» Work item
Return only the lines from the start of the records through the line that contains "Xperiaとヘッドホンの対応コーデックの例", inclusive; leave out all pictures.

### Record set

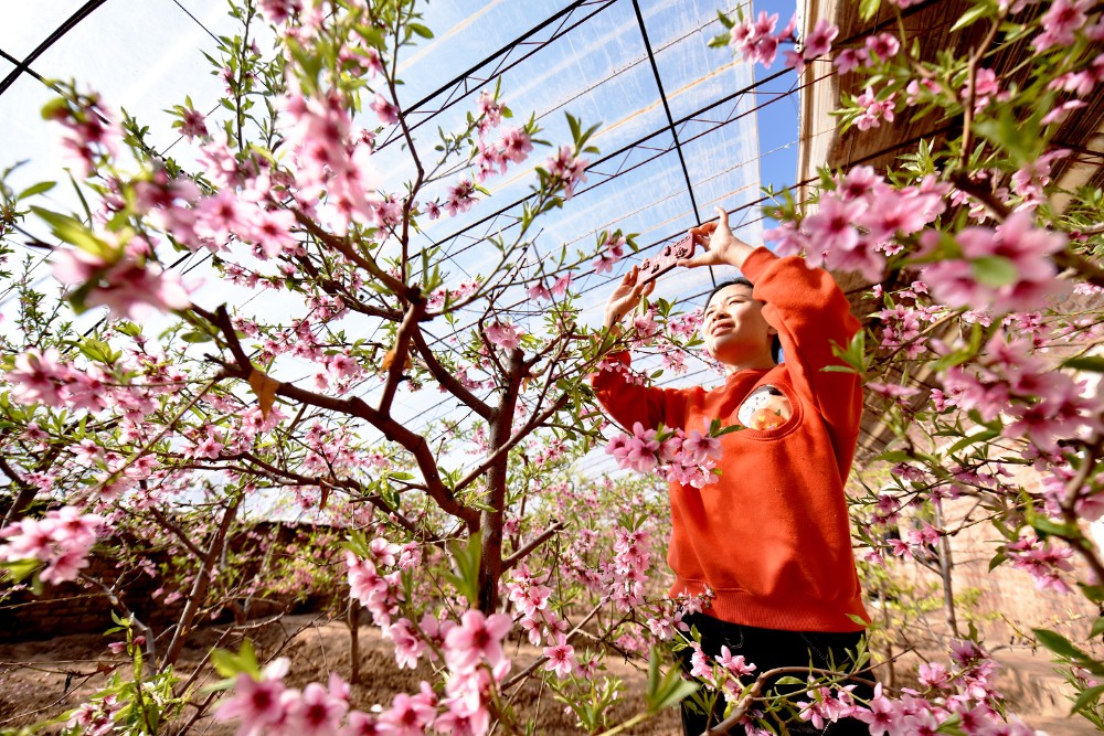近日,张家口市宣化区洋河南镇金坤农业观光园的樱桃花、桃花进入盛花期,成为新年一道靓丽风景,吸引众多游客前来观赏游玩,拓宽农民增收致富路。
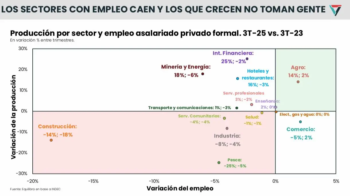 A partir de este año comenzará a verse en las estadísticas una disociación entre crecimiento del PBI y generación de empleo que no tiene antecedentes en el país. El fenómeno se explica porque los sectores que más se expanden -hidrocarburos, minería, agro e intermediación financiera- tienen una baja capacidad de generación de puestos de trabajo. “La economía crece, pero se destruye el buen empleo”, señala el informe de la consultora Equilibra, acompañado por un gráfico que muestra el aumento de la producción en paralelo con la caída mensual del empleo formal de calidad. En contrapartida, los sectores más intensivos en mano de obra -como la pesca, la construcción, la industria y el comercio- exhiben retrocesos.
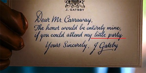 Единственное приглашение, которое отправил сам Гэтсби, выглядело банально – простая записка, ничуть не помпезная, ничем не выдающая масштабность предстоящего праздника.
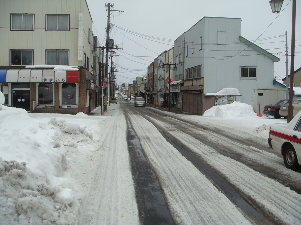 本日の砂川は気温+4℃で、道路の雪が融けて市内各所に水溜りができていました。
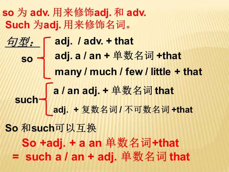 1.such其后被修饰的中心词为名词(此名词前可有形容词修饰)。so其后被修饰的中心词为形容词或副词。 2.名词用many, much, few或little等修饰时,不能用such来修饰,而应用so。 3.so是副词,修饰形容词和副词;而such是形容词,修饰名词。它们后面都接单数可数名词,但词序不同。 4.so的词序为:so+adj.+a(an)+n. 5.such的词序为:such+a(an)+adj.+n. 6.和that连用时,意思基本一样,但句型结构不同。so...that...句型结构为: (1)so+adj.(adv.)+that... (2)so+adj.+a(an)+单数名词+that... (3)so+many(few)+复数名词+that... (4)so+much(little)+不可数名词+that... 7.so与that可以直接构成词组so that,引导目的状语从句和结果状语从句,表示“以便、以至”的意思。
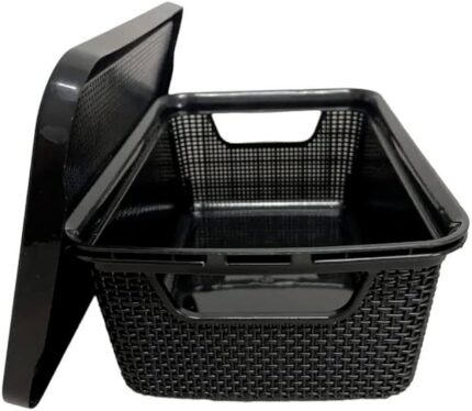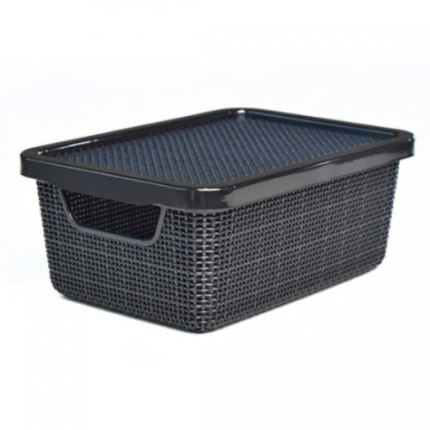 Organizador estilo rattan com tampa de 7 litros, compacto e ideal para organização prática.
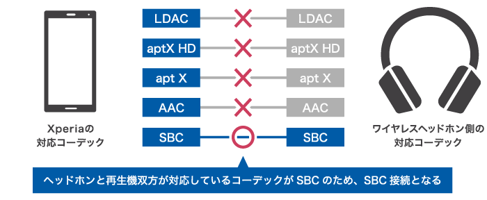 Xperiaとヘッドホンの対応コーデックの例
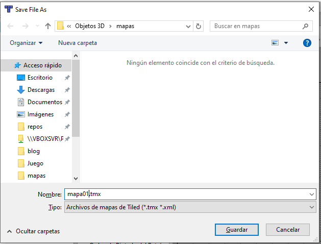 En esta ventana, elegiremos donde guardaremos el nuuevo proyecto y asignaremos el nombre que lo identtificara. Presionan Guardar, y ya teemos nuestro proyecto creado, pasemos a completarlo. Nuevamente, vamos a Archivo, a Nuevo, y ahora elegimos a Nuevo Mapa. Esto nos abrira la siguiente ventana
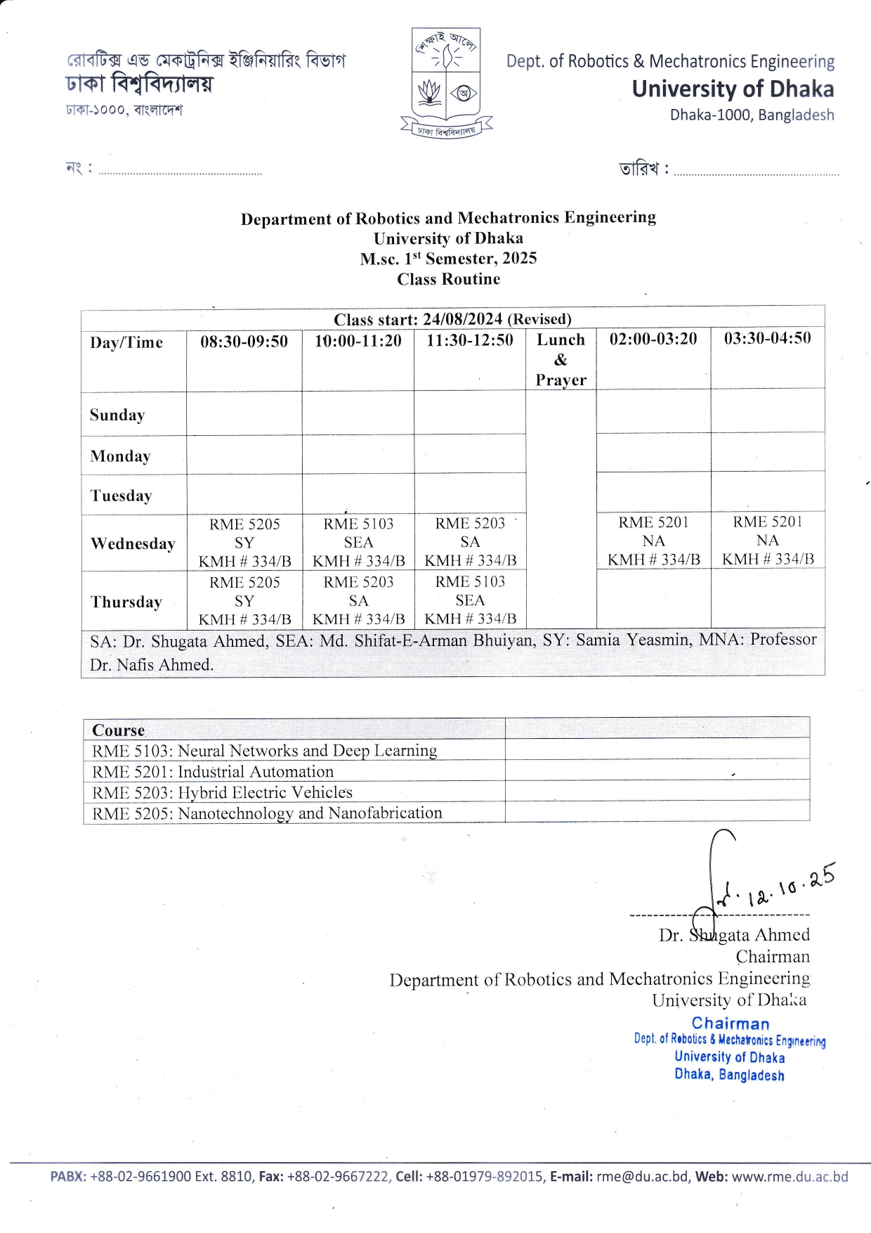 M.Sc. 1st Sem. 2024 Class Routine (Revised)

######

» Task answer
近日,张家口市宣化区洋河南镇金坤农业观光园的樱桃花、桃花进入盛花期,成为新年一道靓丽风景,吸引众多游客前来观赏游玩,拓宽农民增收致富路。
 A partir de este año comenzará a verse en las estadísticas una disociación entre crecimiento del PBI y generación de empleo que no tiene antecedentes en el país. El fenómeno se explica porque los sectores que más se expanden -hidrocarburos, minería, agro e intermediación financiera- tienen una baja capacidad de generación de puestos de trabajo. “La economía crece, pero se destruye el buen empleo”, señala el informe de la consultora Equilibra, acompañado por un gráfico que muestra el aumento de la producción en paralelo con la caída mensual del empleo formal de calidad. En contrapartida, los sectores más intensivos en mano de obra -como la pesca, la construcción, la industria y el comercio- exhiben retrocesos.
 Единственное приглашение, которое отправил сам Гэтсби, выглядело банально – простая записка, ничуть не помпезная, ничем не выдающая масштабность предстоящего праздника.
 本日の砂川は気温+4℃で、道路の雪が融けて市内各所に水溜りができていました。
 1.such其后被修饰的中心词为名词(此名词前可有形容词修饰)。so其后被修饰的中心词为形容词或副词。 2.名词用many, much, few或little等修饰时,不能用such来修饰,而应用so。 3.so是副词,修饰形容词和副词;而such是形容词,修饰名词。它们后面都接单数可数名词,但词序不同。 4.so的词序为:so+adj.+a(an)+n. 5.such的词序为:such+a(an)+adj.+n. 6.和that连用时,意思基本一样,但句型结构不同。so...that...句型结构为: (1)so+adj.(adv.)+that... (2)so+adj.+a(an)+单数名词+that... (3)so+many(few)+复数名词+that... (4)so+much(little)+不可数名词+that... 7.so与that可以直接构成词组so that,引导目的状语从句和结果状语从句,表示“以便、以至”的意思。
 Organizador estilo rattan com tampa de 7 litros, compacto e ideal para organização prática.
 Xperiaとヘッドホンの対応コーデックの例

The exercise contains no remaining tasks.